Regarding the absolute evaluation, all models achieve a balanced accuracy of more than 0.5 BACC, and are, therefore, better than chance. Further, 13 of the 27 models achieve a BACC on the test set of 0.67 or higher, with results differing across interventions and settings. For SAD, all but the single intervention small patient models achieve the threshold, with a maximum BACC of 0.74. For PD and MDD, not one model trained on the single intervention achieves clinically relevant prediction results. However, for MDD, both pooled model for the medium (0.67/0.67) and large (0.69/0.68) data achieve the threshold. For PD, only the largest balanced pooled model achieves clinically relevant prediction results on the test set.

Discussion

Researching the heterogeneity in patient data for ICBTs for MDD, SAD, and PD, we found intervention-overarching patient groups in the first weeks of the interventions. Despite differing dropout rates per intervention (28–57%), the algorithm identified the respective most likely and least likely clusters to dropout. The active, middle and inactive clusters’ correspondence to low, middle and high dropout is in line with previous findings.⁴⁷ Our first finding, that SAD, PD, and MDD patients have similar clusters of activity patterns may help the design and delivery of both individual and transdiagnostic interventions.
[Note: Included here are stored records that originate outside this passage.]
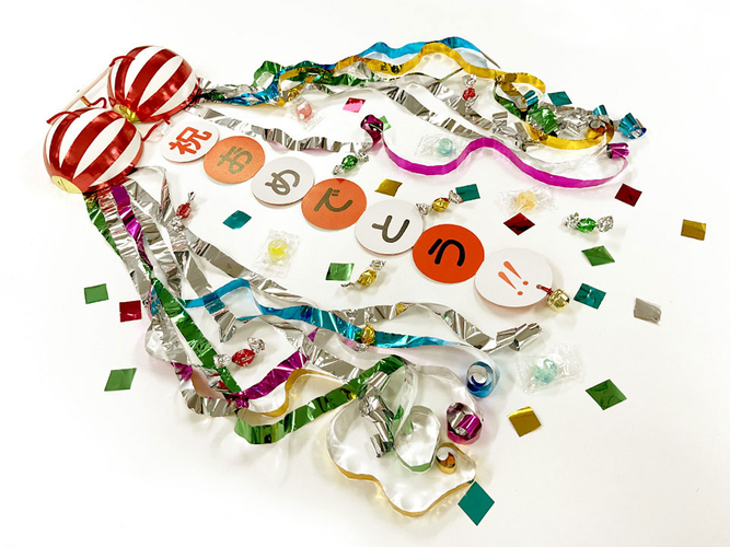 お菓子と一緒に、キラキラなメタル吹雪もたっぷり入っていて、くす玉を割ると華やかに舞い散ります。小さいけれど、みんなで楽しくハッピーになれる「お菓子なくす玉」を、是非ご利用ください。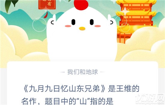问题:《九月九日忆山东兄弟》是王维的名作,趧朩中的(zhongde)“山”指的是?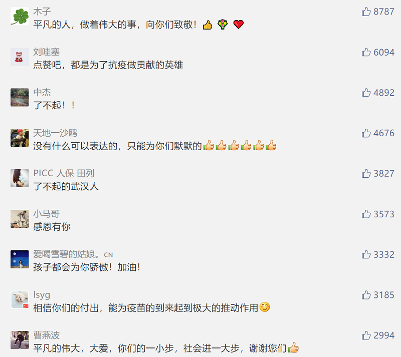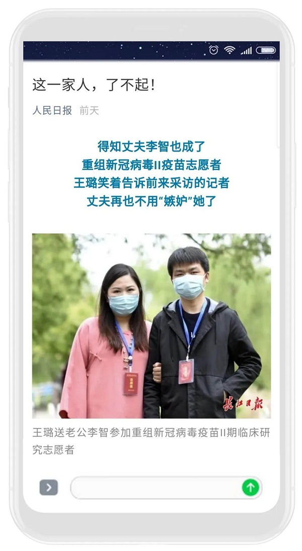 ????4月18日,人民日報微信公眾號推送了這樣一條消息,詳細介紹了一位土生土長的武漢人王璐及其家人自愿報名接種新冠疫苗的事跡,消息收獲了10萬+的閱讀量與3.2萬的“在看” ,還有動輒幾千的留言點贊!這位女主角王璐來自中國船舶集團七一七所,不同于第一批結束醫(yī)學觀察的志愿者,王璐所在組的年齡在20歲到50歲,是最早一批高劑量的接種者。

The answer to the first research question already hints toward the answer to the second; pooling the data was almost always favorable and doubled the likelihood of achieving clinically relevant test results. Most noticeably, having 873 mixed intervention training data points outperformed having 2304 individual intervention MDD or 1524 SAD patients. A possible hypothesis for this is that pooling different interventions forces the model to focus on general patterns rather than intervention-specific noise. Beyond better results, pooling data comes with the upside of less resources necessary for deploying and maintaining one versus three models. PD patients’ overall low results might partly be explained by their high class imbalance regarding dropouts and completers.
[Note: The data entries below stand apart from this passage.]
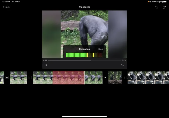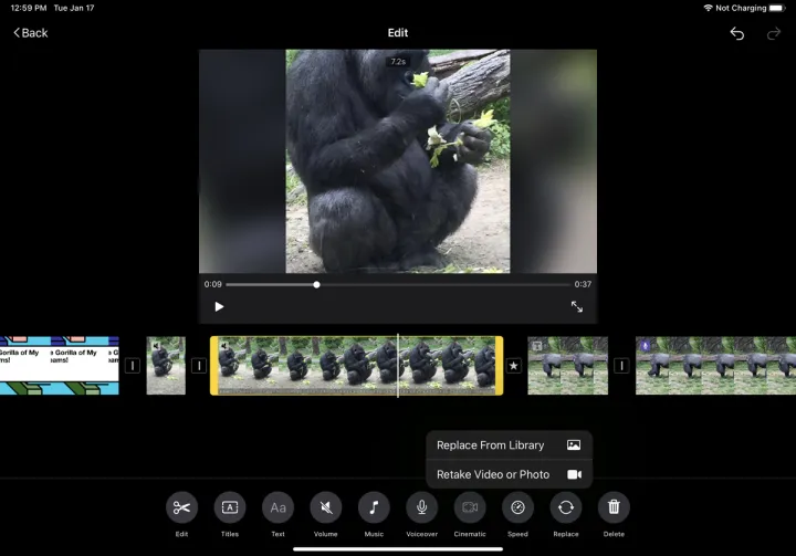 如果要更改某个部分,请点击替换,将其替换为您的媒体库或您拍摄的新视频中的不同剪辑。也可以按Delete键完全删除当前片段。在任何时候,您都可以点击右上角的撤消图标来取消上一次操作,或者点击重做图标来重复该操作。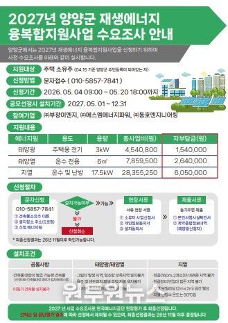 (원투원뉴스) 양양군이 에너지 비용 절감과 온실가스 감축을 위한 ‘2027년 신재생에너지 융복합지원사업’ 공모 신청을 위해 오는 5월 4일부터 20일까지 사업 참여 희망자를 모집한다.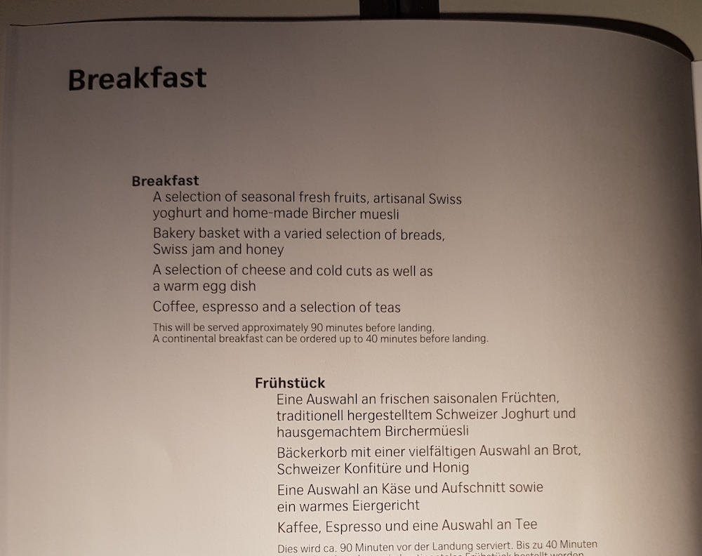To finish the flight we were served a tasty breakfast featuring Swiss cheese, jams and cold meats.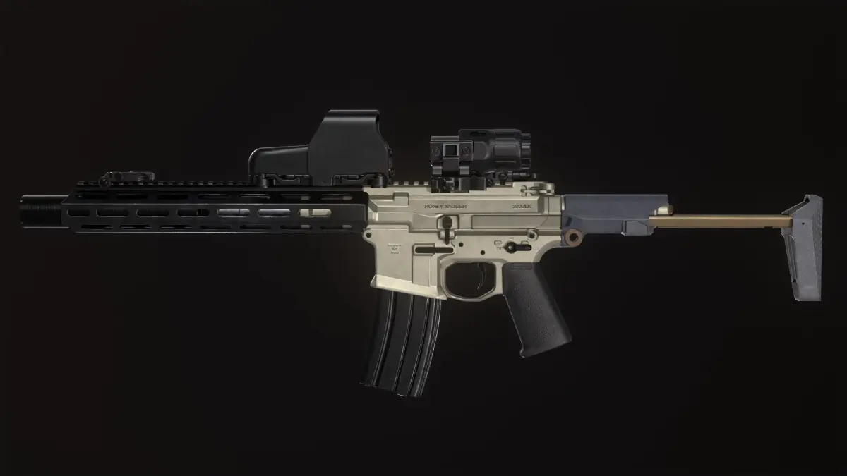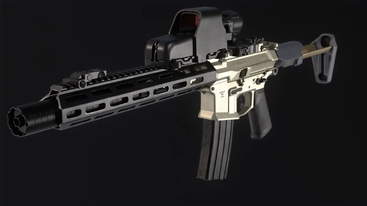 Low-poly Game-ready 3D model of the AAC Honey Badger Assault Rifle.

Two further interrelated key findings are the importance of independent test sets and risk of overfitting on small datasets. If the decision about whether to pool the data was made on the training CV scores, single intervention runs would have been preferred. Further, even with pooled data, in two out of three interventions the small datasets seemingly outperform the much larger datasets in the training score. This aligns with Sajjadian et al.'s³⁰ findings that dataset size is significantly negatively correlated to the reported prediction accuracy. Our study's large test sets of 327–577 patients provides evidence that these good training results are biased as they fail to generalize. Sajjadian et al.³⁰ further find that many studies do not even use an adequate training set up, instead relying on a single train-test split. As can be seen in the box plots, this can result in extremely high or low results, neither of which represent the expectable prediction performance. Making a deployment decision on such ungeneralizable training results comes with a myriad of problems: risk of suboptimal care, wasted resources and ultimately the corrosion of trust in the use of ML in clinical care.^7,30,63 As this article shows, pooling different interventions enables providers to mitigate at least some of the risks when presented with the challenge of limited data availability.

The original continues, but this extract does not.